One other useful manual vacuum to consider is running vacuumdb -av
periodically (say, once a month) and looking at the last few lines of
output. That will give you a good idea on how large you should set
max_fsm_pages. Running the output of vacuumdb -av through pgFouine will
give you other useful data.

> checkpoint_segments = 30
> stats_row_level = off
> stats_start_collector = off

Unless you're really trying to get the last ounce of performance out,
it's probably not worth turning those stats settings off.
--
Jim Nasby                                            jim@nasby.net
EnterpriseDB      http://enterprisedb.com      512.569.9461 (cell)

Re: High inserts, bulk deletes - autovacuum vs scheduled vacuum

From
"Jim C. Nasby"
Date:
Please cc the list so others can help and learn.

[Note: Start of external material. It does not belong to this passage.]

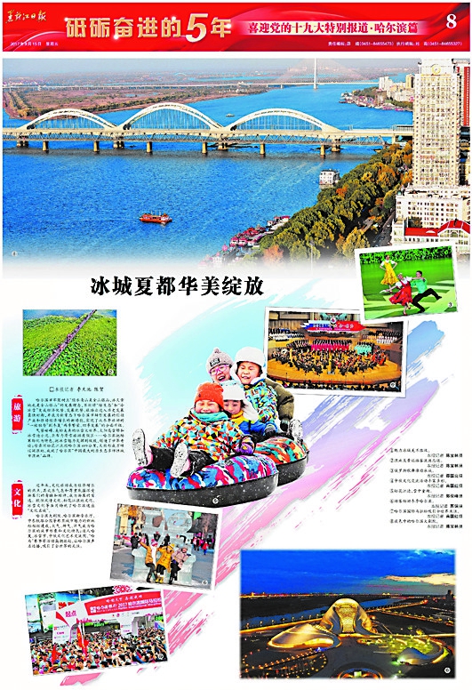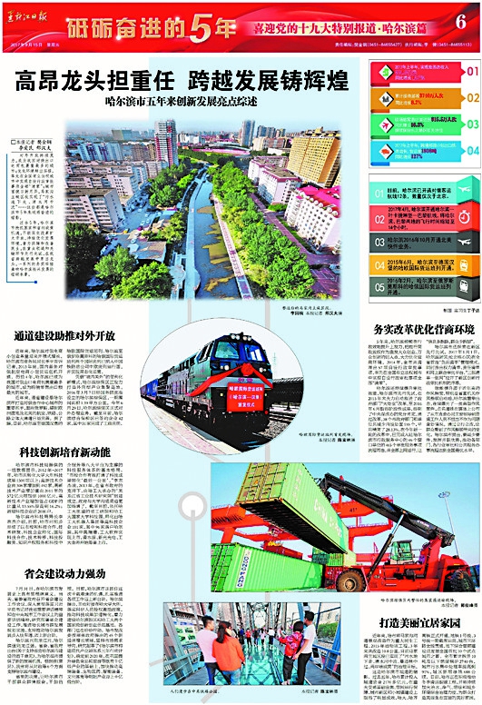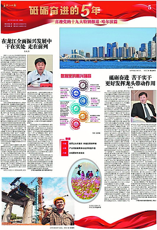 本报讯(记者张长虹)过去五年,在省委省政府的正确领导下,黑龙江3800万人民深入学习贯彻习近平总书记系列重要讲话精神和对我省重要讲话精神,撸起袖子加油干,取得了有目共睹的辉煌成绩。为全面充分展示党的十八大以来我省在经济社会发展各个领域取得的成就,为党的十九大胜利召开营造浓厚舆论氛围,本报从15日起陆续推出“砥砺奋进的五年·喜迎党的十九大特别报道”。 这组特别报道紧紧围绕习近平总书记系列重要讲话精神,特别是对我省重要讲话精神;紧紧围绕省第十二次党代会精神和工作部署;紧紧围绕党的十八大以来,各地各行业统筹推进“五位一体”总体布局和协调推进“四个全面”战略布局,充分展示我省十三个地市以及农垦、森工、铁路和大庆油田,在经济建设、政治建设、文化建设、社会建设、生态文明建设中取得的重大成果。通过大格局小切口、图文并茂的鲜活报道,与读者一起书写“美丽中国”的龙江画卷,与读者一起见证黑土地上为实现“两个一百年”奋斗目标和中华民族伟大复兴中国梦的生动实践。 15日首先推出“砥砺奋进的五年·喜迎党的十九大特别报道·哈尔滨篇”,详见5~8版。

On Wed, Jan 10, 2007 at 03:43:00PM -0500, Jeremy Haile wrote:
> > I'd suggest trying autovacuum and see how it does (though you might want
> > to tune it to be more or less aggressive, and you'll probably want to
> > enable the cost delay).
>
> What are some decent default values for the cost delay vacuum settings?
> I haven't used these before.

I find that simply setting vacuum_cost_delay to 20 is generally a good
starting point. I'll usually do that and then run a vacuum while
watching disk activity; I try and tune it so that the disk is ~90%
utilized with vacuum running. That allows a safety margin without
stretching vacuums out forever.

> Also - do the default autovacuum settings make sense for tables on the
> scale of 10 million rows?  For example, using the defaults it would
> require about a  million rows (250 + 0.1 * 10 million) to be
> inserted/updated/deleted before analyzing - which  seems high.  (about 2
> million for vacuum)  Or am I overestimating how often I would need to
> vacuum/analyze these tables?

Depends on your application... the way I look at it is that a setting of
0.1 means 10% dead space in the table. While 5% or 1% would be better,
you hit a point of diminishing returns since you have to read the entire
table and it's indexes to vacuum it.

BTW, that's the default values for analyze... the defaults for vacuum
are 2x that.

> Do most people use the default autovacuum settings successfully, or are
> they usually modified?

I generally use the 8.2 defaults (which are much better than the 8.1
defaults) unless I'm really trying to tune things. What's more important
is to make sure critical tables (such as queue tables) are getting
vacuumed frequently so that they stay small. (Of course you also need to
ensure there's no long running transactions).
--
Jim C. Nasby, Database Architect                   jim@nasby.net
512.569.9461 (cell)                         http://jim.nasby.net

Re: High inserts, bulk deletes - autovacuum vs scheduled

From
"Jeremy Haile"
Date:
> BTW, that's the default values for analyze... the defaults for vacuum
> are 2x that.

Yeah - I was actually more concerned that tables would need to be
analyzed more often than I was about vacuuming too often, so I used
analyze as the example.  Since my app is inserting constantly throughout
the day and querying for "recent" data - I want to make sure the query
planner realizes that there are lots of rows with new timestamps on
them.  In other words, if I run a query "select * from mytable where
timestamp > '9:00am'" - I want to make sure it hasn't been a day since
the table was analyzed, so the planner thinks there are zero rows
greater than 9:00am today.

> What's more important
> is to make sure critical tables (such as queue tables) are getting
> vacuumed frequently so that they stay small.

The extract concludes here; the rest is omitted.